● **Task statement**
Begin with the first line of the listing and quote every line through the one containing "La rete EducAzioni promuove"; give only those lines.

● **Data extract**
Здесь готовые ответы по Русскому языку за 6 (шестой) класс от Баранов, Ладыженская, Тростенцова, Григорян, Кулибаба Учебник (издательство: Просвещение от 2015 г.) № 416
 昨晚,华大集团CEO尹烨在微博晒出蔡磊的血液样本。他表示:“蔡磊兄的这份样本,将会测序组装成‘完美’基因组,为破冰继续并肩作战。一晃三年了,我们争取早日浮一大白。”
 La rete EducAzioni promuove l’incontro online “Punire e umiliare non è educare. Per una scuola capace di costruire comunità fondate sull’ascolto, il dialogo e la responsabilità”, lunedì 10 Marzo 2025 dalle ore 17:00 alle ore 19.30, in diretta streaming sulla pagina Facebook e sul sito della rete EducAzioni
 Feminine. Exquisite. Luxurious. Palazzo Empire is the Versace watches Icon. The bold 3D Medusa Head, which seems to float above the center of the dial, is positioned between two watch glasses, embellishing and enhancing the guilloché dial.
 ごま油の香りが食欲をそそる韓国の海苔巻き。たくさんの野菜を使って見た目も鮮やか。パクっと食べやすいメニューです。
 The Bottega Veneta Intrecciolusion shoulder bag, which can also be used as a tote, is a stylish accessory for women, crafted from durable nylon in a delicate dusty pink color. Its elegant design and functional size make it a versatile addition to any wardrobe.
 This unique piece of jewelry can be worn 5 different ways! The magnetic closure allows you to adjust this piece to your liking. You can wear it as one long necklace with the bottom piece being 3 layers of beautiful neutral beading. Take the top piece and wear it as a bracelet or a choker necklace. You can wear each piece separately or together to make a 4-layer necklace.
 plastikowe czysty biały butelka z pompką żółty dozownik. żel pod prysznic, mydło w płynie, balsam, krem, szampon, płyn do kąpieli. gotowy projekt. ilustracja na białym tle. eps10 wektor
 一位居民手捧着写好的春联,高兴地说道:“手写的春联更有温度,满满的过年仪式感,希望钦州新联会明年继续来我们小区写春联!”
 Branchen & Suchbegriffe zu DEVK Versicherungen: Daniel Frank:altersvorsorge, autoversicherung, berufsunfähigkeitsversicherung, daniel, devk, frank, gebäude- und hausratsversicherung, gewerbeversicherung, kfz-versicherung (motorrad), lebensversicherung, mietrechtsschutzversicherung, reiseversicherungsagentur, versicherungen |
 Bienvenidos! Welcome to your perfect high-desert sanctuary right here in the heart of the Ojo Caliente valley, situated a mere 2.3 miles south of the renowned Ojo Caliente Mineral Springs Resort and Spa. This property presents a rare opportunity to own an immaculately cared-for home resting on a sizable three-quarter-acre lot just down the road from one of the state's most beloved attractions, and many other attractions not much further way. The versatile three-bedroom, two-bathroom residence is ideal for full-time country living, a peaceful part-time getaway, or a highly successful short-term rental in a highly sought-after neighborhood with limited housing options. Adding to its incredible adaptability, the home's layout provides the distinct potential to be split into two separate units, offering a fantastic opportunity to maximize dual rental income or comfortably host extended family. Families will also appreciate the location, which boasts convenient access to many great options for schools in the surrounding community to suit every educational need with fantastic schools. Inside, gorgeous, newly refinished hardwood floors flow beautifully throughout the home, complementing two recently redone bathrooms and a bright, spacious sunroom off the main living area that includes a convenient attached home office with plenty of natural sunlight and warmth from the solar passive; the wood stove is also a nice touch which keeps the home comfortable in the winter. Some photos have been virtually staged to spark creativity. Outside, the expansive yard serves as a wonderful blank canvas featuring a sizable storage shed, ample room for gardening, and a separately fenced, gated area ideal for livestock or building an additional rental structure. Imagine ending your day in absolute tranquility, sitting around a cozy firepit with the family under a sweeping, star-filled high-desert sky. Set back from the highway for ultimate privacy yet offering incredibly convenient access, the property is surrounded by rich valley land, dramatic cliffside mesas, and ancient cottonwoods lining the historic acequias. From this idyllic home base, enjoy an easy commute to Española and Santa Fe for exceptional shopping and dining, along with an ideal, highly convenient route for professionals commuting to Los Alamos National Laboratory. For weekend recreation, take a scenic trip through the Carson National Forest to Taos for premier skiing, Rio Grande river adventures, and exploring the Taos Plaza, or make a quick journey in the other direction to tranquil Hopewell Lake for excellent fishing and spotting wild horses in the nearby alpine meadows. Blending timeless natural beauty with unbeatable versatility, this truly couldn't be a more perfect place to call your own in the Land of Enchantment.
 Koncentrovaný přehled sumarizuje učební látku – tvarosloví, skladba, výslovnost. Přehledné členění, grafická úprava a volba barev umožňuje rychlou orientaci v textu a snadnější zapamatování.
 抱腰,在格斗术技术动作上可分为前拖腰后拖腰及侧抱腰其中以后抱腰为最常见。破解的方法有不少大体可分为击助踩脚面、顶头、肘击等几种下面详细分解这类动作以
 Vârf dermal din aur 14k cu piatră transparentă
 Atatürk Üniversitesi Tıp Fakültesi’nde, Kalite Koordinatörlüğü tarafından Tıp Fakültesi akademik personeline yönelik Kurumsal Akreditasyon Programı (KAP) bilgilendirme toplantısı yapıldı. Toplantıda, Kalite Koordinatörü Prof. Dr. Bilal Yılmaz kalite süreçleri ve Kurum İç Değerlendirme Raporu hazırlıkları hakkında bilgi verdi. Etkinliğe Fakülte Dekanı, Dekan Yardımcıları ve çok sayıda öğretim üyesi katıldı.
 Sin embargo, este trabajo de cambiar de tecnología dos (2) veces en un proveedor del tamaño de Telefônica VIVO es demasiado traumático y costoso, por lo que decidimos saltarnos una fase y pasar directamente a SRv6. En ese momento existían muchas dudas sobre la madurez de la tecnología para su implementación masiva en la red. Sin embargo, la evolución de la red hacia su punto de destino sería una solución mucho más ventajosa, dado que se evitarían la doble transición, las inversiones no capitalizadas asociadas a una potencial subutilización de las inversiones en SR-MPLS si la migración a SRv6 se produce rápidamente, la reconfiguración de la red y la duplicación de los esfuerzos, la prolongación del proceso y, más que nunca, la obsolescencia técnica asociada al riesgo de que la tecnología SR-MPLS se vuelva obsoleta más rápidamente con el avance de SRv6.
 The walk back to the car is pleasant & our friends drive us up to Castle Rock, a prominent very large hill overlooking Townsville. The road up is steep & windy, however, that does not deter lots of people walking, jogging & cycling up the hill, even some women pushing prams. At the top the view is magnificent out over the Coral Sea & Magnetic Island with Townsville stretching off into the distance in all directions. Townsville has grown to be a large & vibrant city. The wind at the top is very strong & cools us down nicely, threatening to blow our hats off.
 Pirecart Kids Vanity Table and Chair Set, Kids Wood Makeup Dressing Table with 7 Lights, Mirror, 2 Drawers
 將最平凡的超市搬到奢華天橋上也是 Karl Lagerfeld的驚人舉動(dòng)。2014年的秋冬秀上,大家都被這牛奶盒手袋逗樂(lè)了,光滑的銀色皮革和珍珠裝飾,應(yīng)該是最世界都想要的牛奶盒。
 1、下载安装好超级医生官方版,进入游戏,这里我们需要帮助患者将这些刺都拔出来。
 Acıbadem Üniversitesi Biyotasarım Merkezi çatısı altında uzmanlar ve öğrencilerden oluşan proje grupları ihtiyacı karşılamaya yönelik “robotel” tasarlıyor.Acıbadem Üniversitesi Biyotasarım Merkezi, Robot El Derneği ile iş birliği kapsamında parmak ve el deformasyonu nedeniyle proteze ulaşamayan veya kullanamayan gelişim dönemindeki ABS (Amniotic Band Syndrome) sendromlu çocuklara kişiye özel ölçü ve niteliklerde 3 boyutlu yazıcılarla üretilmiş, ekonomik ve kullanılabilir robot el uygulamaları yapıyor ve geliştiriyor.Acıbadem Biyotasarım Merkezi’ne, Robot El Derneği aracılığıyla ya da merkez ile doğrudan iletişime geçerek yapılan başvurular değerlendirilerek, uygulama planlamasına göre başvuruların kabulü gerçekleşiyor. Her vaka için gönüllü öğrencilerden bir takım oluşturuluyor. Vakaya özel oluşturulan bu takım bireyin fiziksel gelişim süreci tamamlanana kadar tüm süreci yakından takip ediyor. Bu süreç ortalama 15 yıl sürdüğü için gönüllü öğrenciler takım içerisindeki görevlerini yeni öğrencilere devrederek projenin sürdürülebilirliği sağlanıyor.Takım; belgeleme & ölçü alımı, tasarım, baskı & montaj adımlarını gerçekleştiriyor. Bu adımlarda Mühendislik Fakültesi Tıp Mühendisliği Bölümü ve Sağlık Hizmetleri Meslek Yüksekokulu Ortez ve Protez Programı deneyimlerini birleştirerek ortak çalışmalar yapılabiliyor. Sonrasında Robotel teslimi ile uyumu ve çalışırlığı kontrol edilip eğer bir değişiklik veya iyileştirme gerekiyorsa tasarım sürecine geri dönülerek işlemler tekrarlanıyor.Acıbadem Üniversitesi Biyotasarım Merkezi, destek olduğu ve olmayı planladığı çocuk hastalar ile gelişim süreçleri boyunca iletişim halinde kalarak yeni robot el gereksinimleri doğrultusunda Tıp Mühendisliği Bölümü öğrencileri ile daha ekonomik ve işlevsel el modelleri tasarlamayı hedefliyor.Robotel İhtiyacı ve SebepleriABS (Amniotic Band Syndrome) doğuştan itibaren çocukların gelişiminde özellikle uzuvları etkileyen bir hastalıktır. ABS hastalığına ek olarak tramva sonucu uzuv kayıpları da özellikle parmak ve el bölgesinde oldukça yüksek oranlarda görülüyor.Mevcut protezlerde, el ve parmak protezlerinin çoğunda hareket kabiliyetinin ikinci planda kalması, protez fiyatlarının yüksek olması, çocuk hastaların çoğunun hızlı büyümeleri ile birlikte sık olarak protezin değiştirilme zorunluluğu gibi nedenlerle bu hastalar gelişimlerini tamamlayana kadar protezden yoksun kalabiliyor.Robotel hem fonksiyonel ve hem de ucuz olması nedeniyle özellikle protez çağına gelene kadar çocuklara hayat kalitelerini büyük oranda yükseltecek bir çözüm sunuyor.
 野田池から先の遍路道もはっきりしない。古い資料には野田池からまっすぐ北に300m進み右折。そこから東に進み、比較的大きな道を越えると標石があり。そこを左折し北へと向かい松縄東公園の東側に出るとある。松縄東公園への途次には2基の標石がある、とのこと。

● **Your response**
Здесь готовые ответы по Русскому языку за 6 (шестой) класс от Баранов, Ладыженская, Тростенцова, Григорян, Кулибаба Учебник (издательство: Просвещение от 2015 г.) № 416
 昨晚,华大集团CEO尹烨在微博晒出蔡磊的血液样本。他表示:“蔡磊兄的这份样本,将会测序组装成‘完美’基因组,为破冰继续并肩作战。一晃三年了,我们争取早日浮一大白。”
 La rete EducAzioni promuove l’incontro online “Punire e umiliare non è educare. Per una scuola capace di costruire comunità fondate sull’ascolto, il dialogo e la responsabilità”, lunedì 10 Marzo 2025 dalle ore 17:00 alle ore 19.30, in diretta streaming sulla pagina Facebook e sul sito della rete EducAzioni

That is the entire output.